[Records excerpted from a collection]
▼

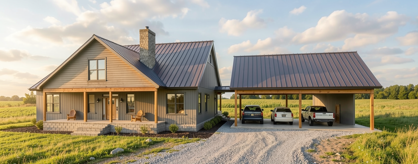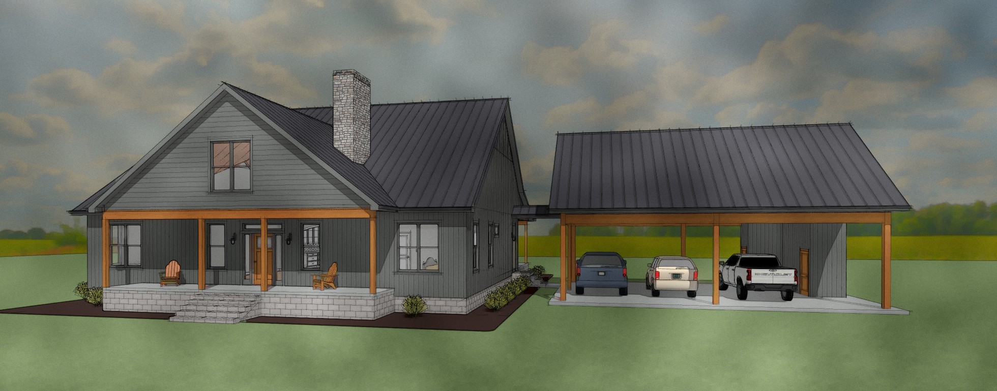 photorealistic country background add a gravel driveway leading up to the carport cut the grass
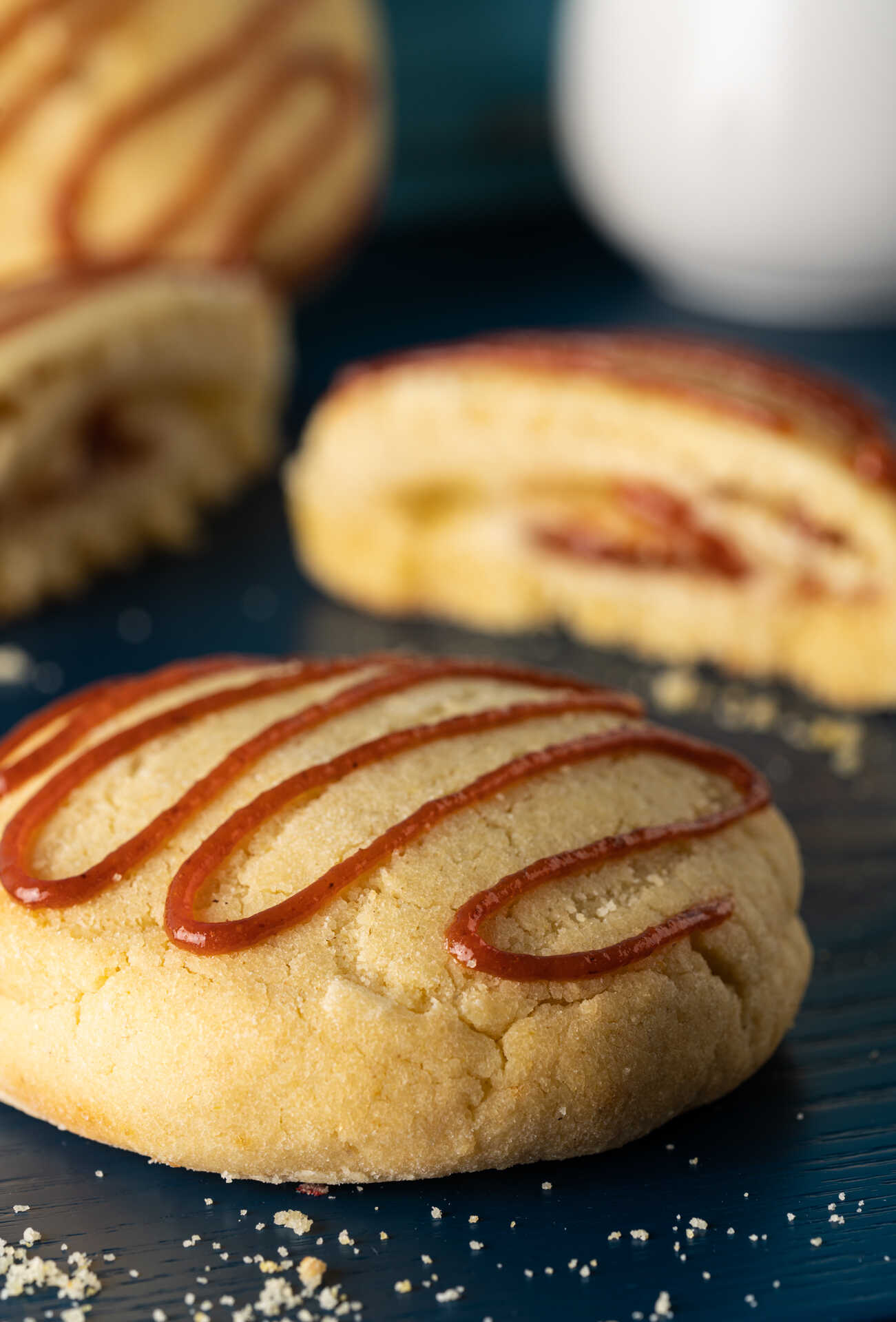Rellena de arequipe decorada con mermelada de frutos rojos y oblea triturada.
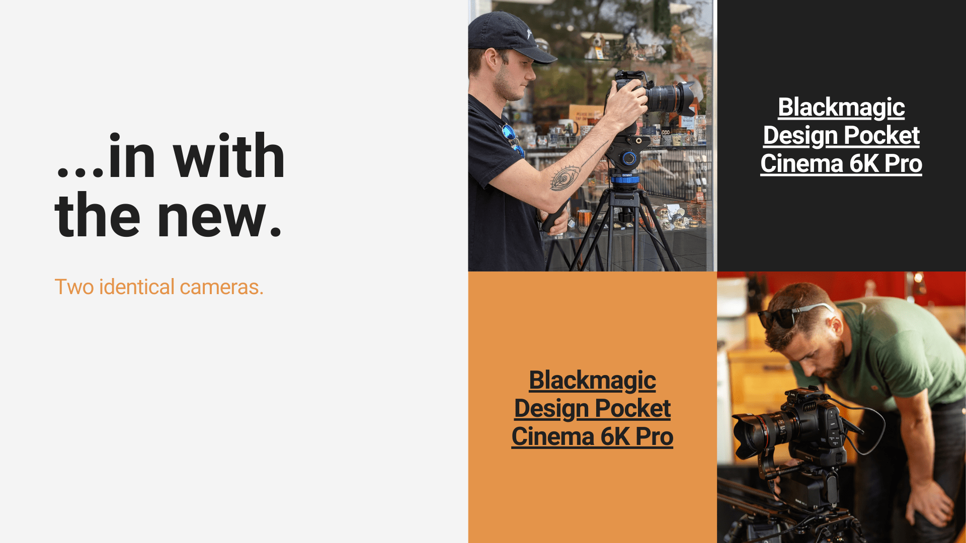 Instead of having two different styles of Sony cameras, I now have two BMPCC 6Ks Pros. Two of the exact same camera. The settings can be dialed in identically. The shots will have the same colour profile. It would cost us time in the past during multi-camera shoots, because every camera is a little different–even if they come from the same brand. Different sensors, different ways of recording video. It’s a challenge to match the footage from the two different cameras. With having two of the same cameras, we can know we’re getting the same type of footage from both cameras.
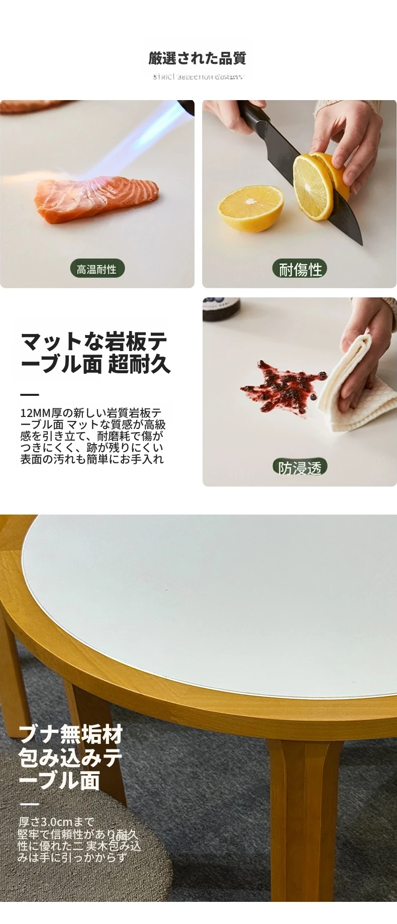 90cm白色岩板包榉木テーブル
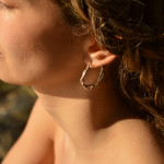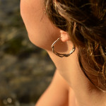 Silver hoop earrings from the Thallus Collection in an organic form. The floral relief element that morphologically prevails and the shiny details in texture create a unique effect.
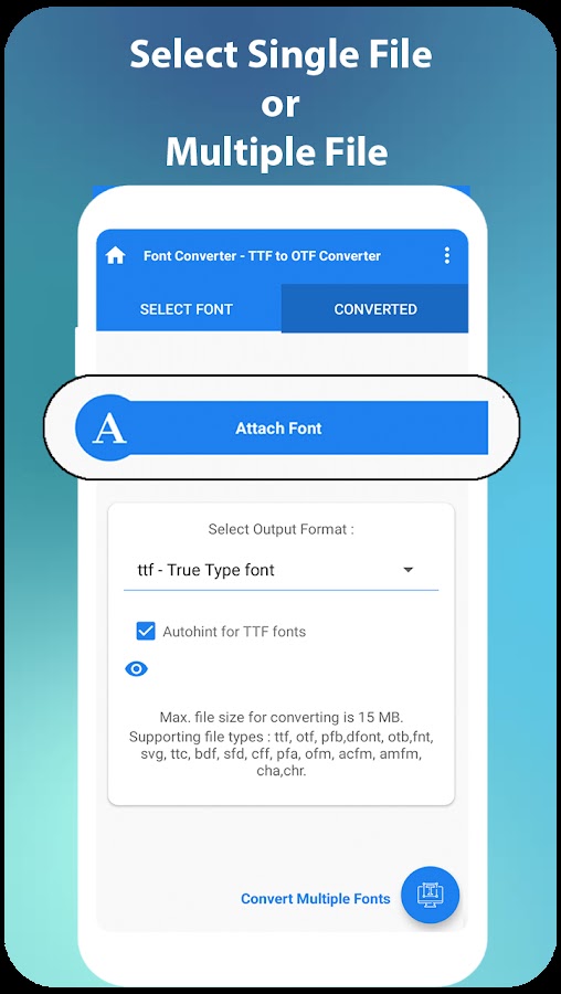 Конвертер файлов шрифтов и средство просмотра файлов шрифтов предназначены для простого преобразования файлов ttf в файлы otf или любого другого формата, а также для предварительного просмотра шрифта, вы можете легко просмотреть TTF, OTF и другие шрифты. Приложение для преобразования шрифтов для Android предоставляет пользователю другой инструмент для преобразования файла шрифта в желаемый файл шрифта и легкого просмотра шрифта, поэтому наш конвертер шрифтов — лучшее приложение для преобразования вашего шрифта ttf в otf и шрифта otf в другой другой формат. шрифт, легкое преобразование шрифтов и просмотрщик шрифтов во многие другие шрифты по вашему выбору и тому, что вам нравится. Итак, давайте выберем ваш текстовый файл и преобразуем его в выбранный вами шрифт и почувствуем себя легко, как сменщик шрифтов.
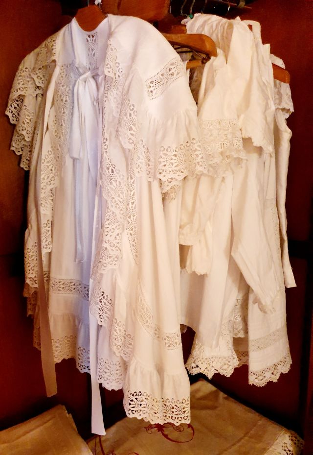En primer pla l’esmentat vestit de bateig que portà el meu pare, Francesc Bonet Estela. Al darrera i sostinguts amb diferents classes de penjadors, de ferro i de fusta, que tenen una pila d’anys, s’hi podia veure una mostra de totes les peces de roba interior que es conserven de Josefa Bonet Sobrevila i que totes estan per estrenar. Formaven part del seu aixovar.
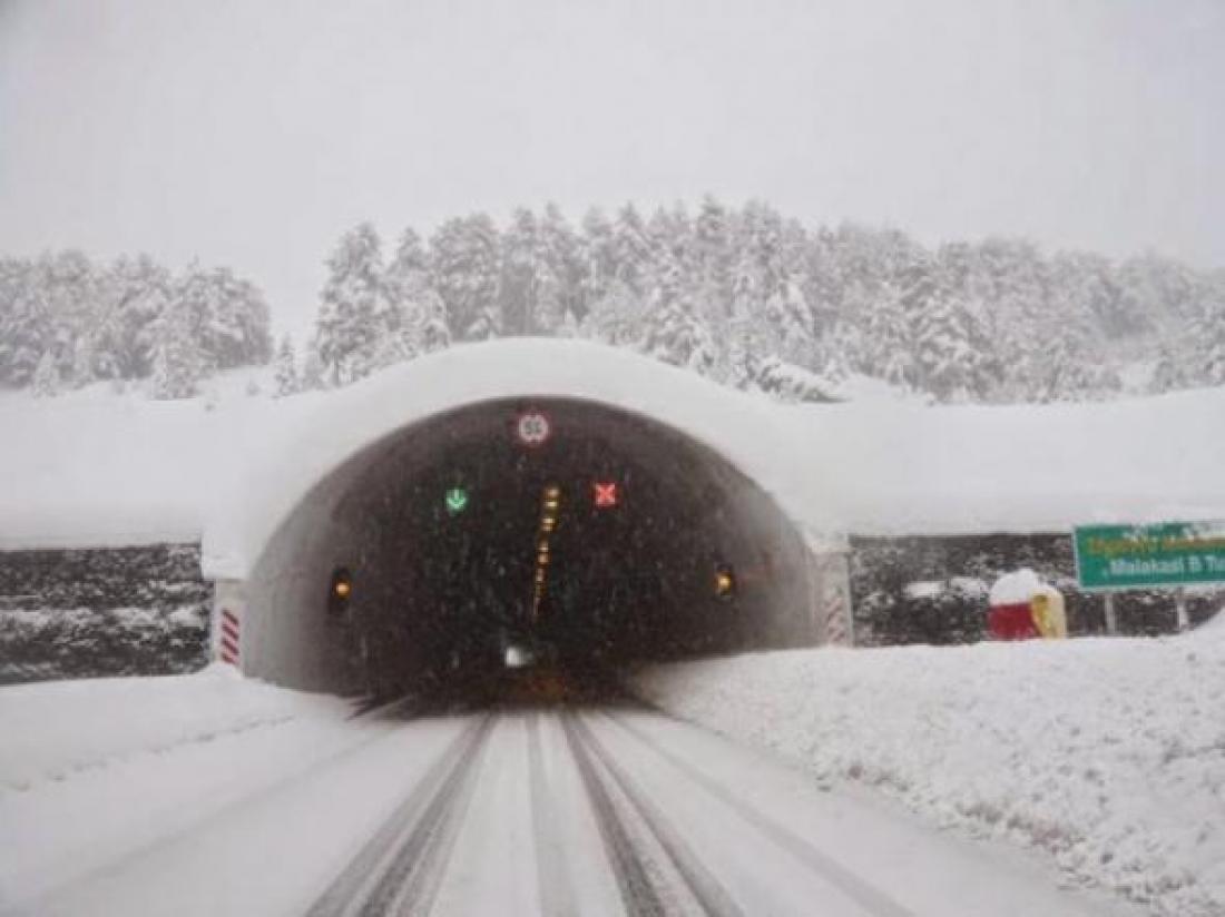 Αιτία της διακοπής η αναδίπλωση δυο νταλικών λόγω της ολισθηρότητας του οδοστρώματος εξαιτίας της συνεχιζόμενης χιονόπτωσης.
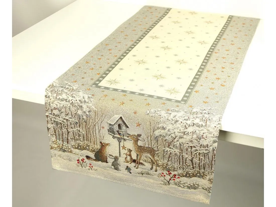 Bieżnik gobelinowy świąteczny 45x140 cm sarenka, lisek, zajączek wz 235 SlodkieSny
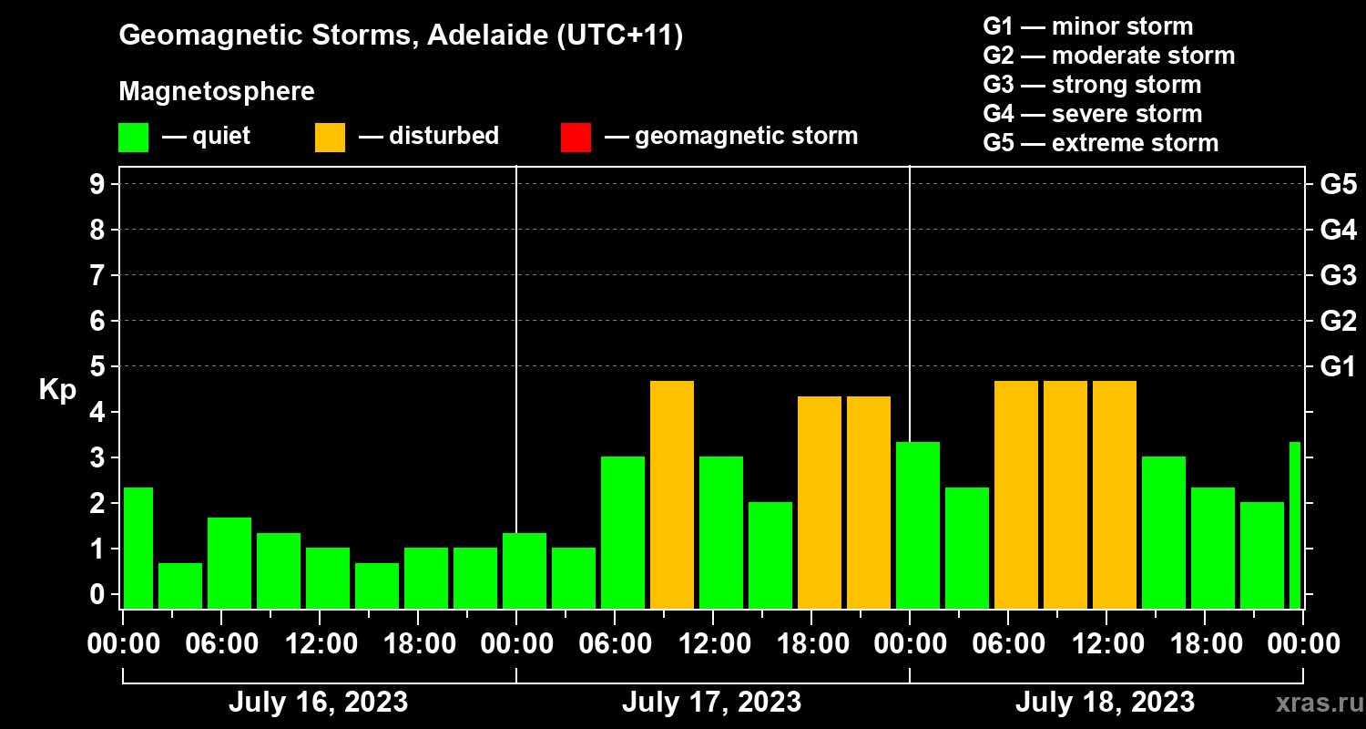 Geomagnetic storms in Adelaide on Jul 18, 2023
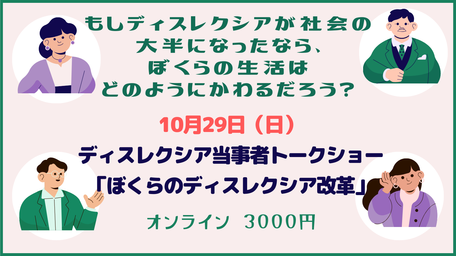 ディスレクシア当事者・学生・大人向け オンライン 参加費:一般 3,000円 / 学生・当事者 1,000円
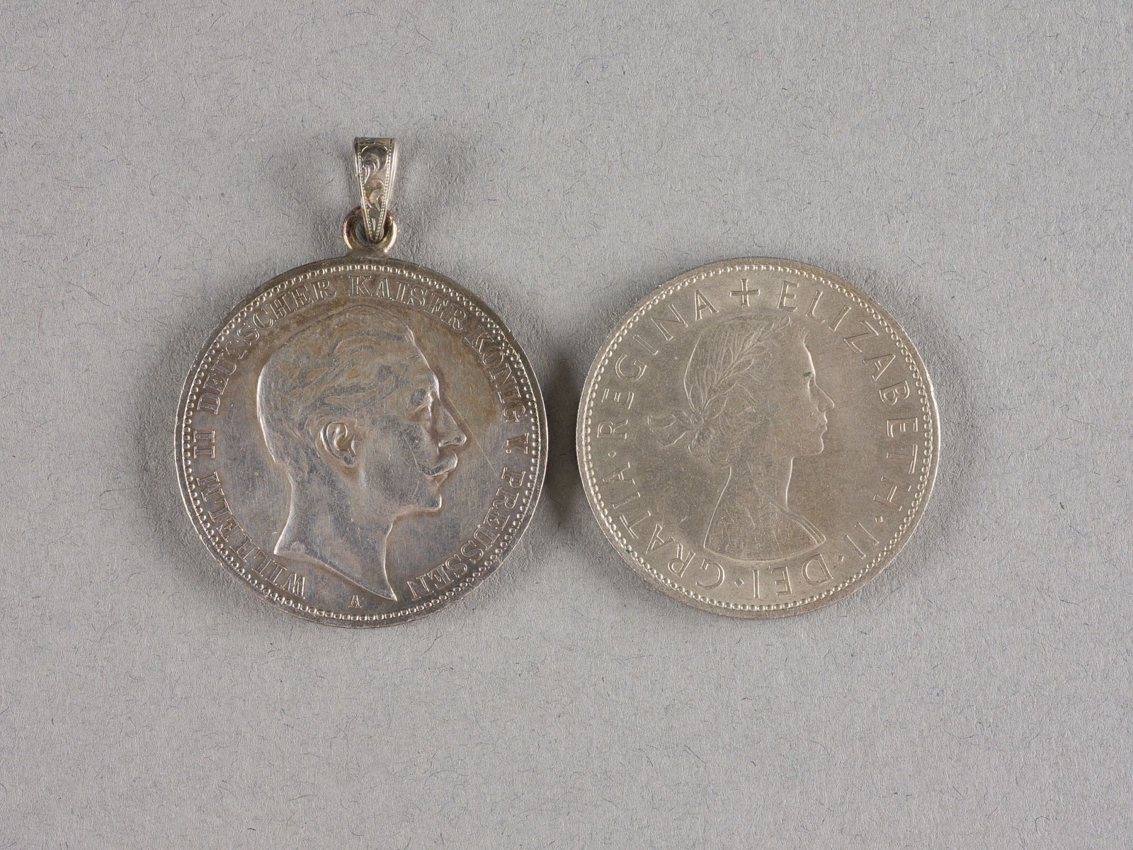 MÜNZANHÄNGER WILHELM II. (1909) UND HALF-CROWN-MÜNZE ELIZABETH II. (1966)
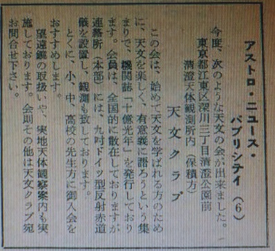 追記@ 第三のアストロ光学(株)については、エド様が適格に年表にまとめております。 私は第三のアストロ光学(株)=アストロサービスセンターと考えておりますが、 掲載広告からの推測です。なお、補強事項をひとつ記しておきますねぇ。
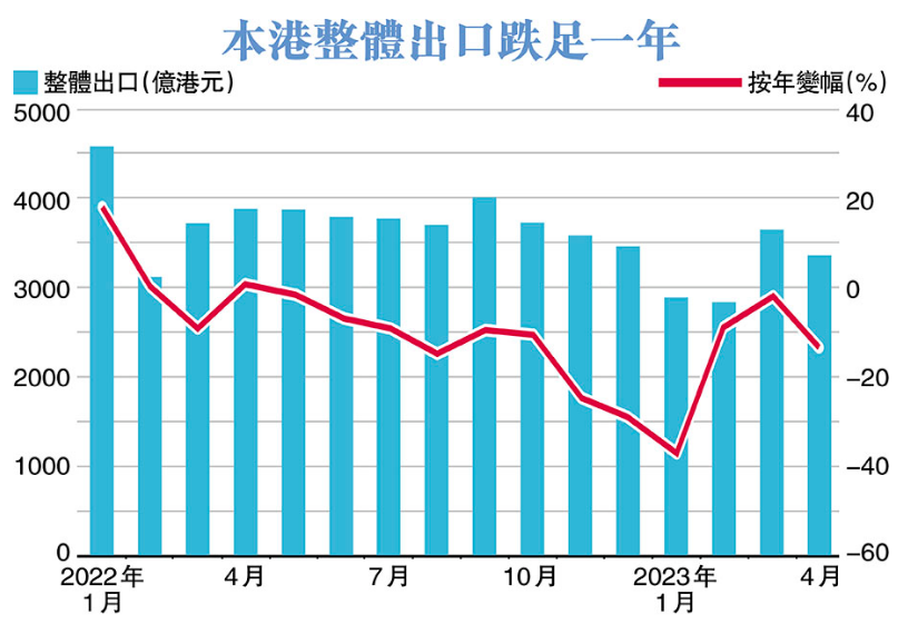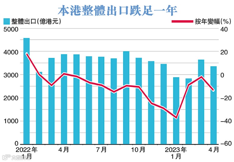 就4月香港出口跌幅扩大,政府发言人昨指出,4月商品出口货值按年进一步下跌,主要受累输往内地、美国及欧盟的出口均减少,同时输往其他主要亚洲市场的出口录得不同程度的跌幅。展望未来,先进经济体疲弱,将继续令香港出口表现受压,尽管预期内地经济加快复苏应可缓解部分压力。
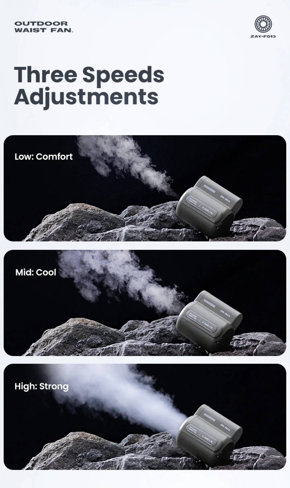 Stay cool and comfortable wherever you are with this portable fan. With 3 adjustable speeds, you can enjoy a refreshing breeze anytime, anywhere. The wearable clip and belt design make it perfect for outdoor jobs, travelling, and fishing.
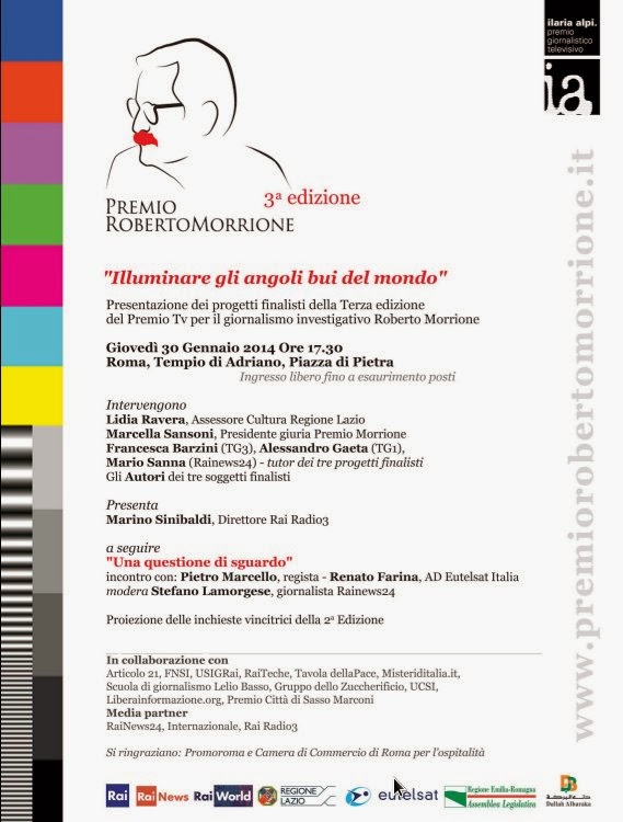Giovedì 30 Gennaio alle ore 17.30 a Roma (Tempio di Adriano) presentazione dei finalisti della terza edizione del Premio Tv per il giornalismo investigativo Roberto Morrione.
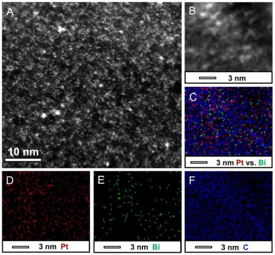 HRTEM images, HAADF-STEM, and EDS element mapping images of ultra-small Pt/Bi/rGO. (A) HRTEM images of ultra-small Pt/Bi/rGO, (B) HAADF-STEM-EDS mapping image, (C) overlapped image, and (D–F) HAADF-STEM-EDS elemental mapping images for Pt, Bi, and C, respectively, taken for the area in (B).

▲

▸ What to produce
While skipping the pictures, transcribe the data above from the line showing "Instead of having" through the line showing "En primer pla", exactly and with both ends.

▸ Response area
 Instead of having two different styles of Sony cameras, I now have two BMPCC 6Ks Pros. Two of the exact same camera. The settings can be dialed in identically. The shots will have the same colour profile. It would cost us time in the past during multi-camera shoots, because every camera is a little different–even if they come from the same brand. Different sensors, different ways of recording video. It’s a challenge to match the footage from the two different cameras. With having two of the same cameras, we can know we’re getting the same type of footage from both cameras.
 90cm白色岩板包榉木テーブル
 Silver hoop earrings from the Thallus Collection in an organic form. The floral relief element that morphologically prevails and the shiny details in texture create a unique effect.
 Конвертер файлов шрифтов и средство просмотра файлов шрифтов предназначены для простого преобразования файлов ttf в файлы otf или любого другого формата, а также для предварительного просмотра шрифта, вы можете легко просмотреть TTF, OTF и другие шрифты. Приложение для преобразования шрифтов для Android предоставляет пользователю другой инструмент для преобразования файла шрифта в желаемый файл шрифта и легкого просмотра шрифта, поэтому наш конвертер шрифтов — лучшее приложение для преобразования вашего шрифта ttf в otf и шрифта otf в другой другой формат. шрифт, легкое преобразование шрифтов и просмотрщик шрифтов во многие другие шрифты по вашему выбору и тому, что вам нравится. Итак, давайте выберем ваш текстовый файл и преобразуем его в выбранный вами шрифт и почувствуем себя легко, как сменщик шрифтов.
En primer pla l’esmentat vestit de bateig que portà el meu pare, Francesc Bonet Estela. Al darrera i sostinguts amb diferents classes de penjadors, de ferro i de fusta, que tenen una pila d’anys, s’hi podia veure una mostra de totes les peces de roba interior que es conserven de Josefa Bonet Sobrevila i que totes estan per estrenar. Formaven part del seu aixovar.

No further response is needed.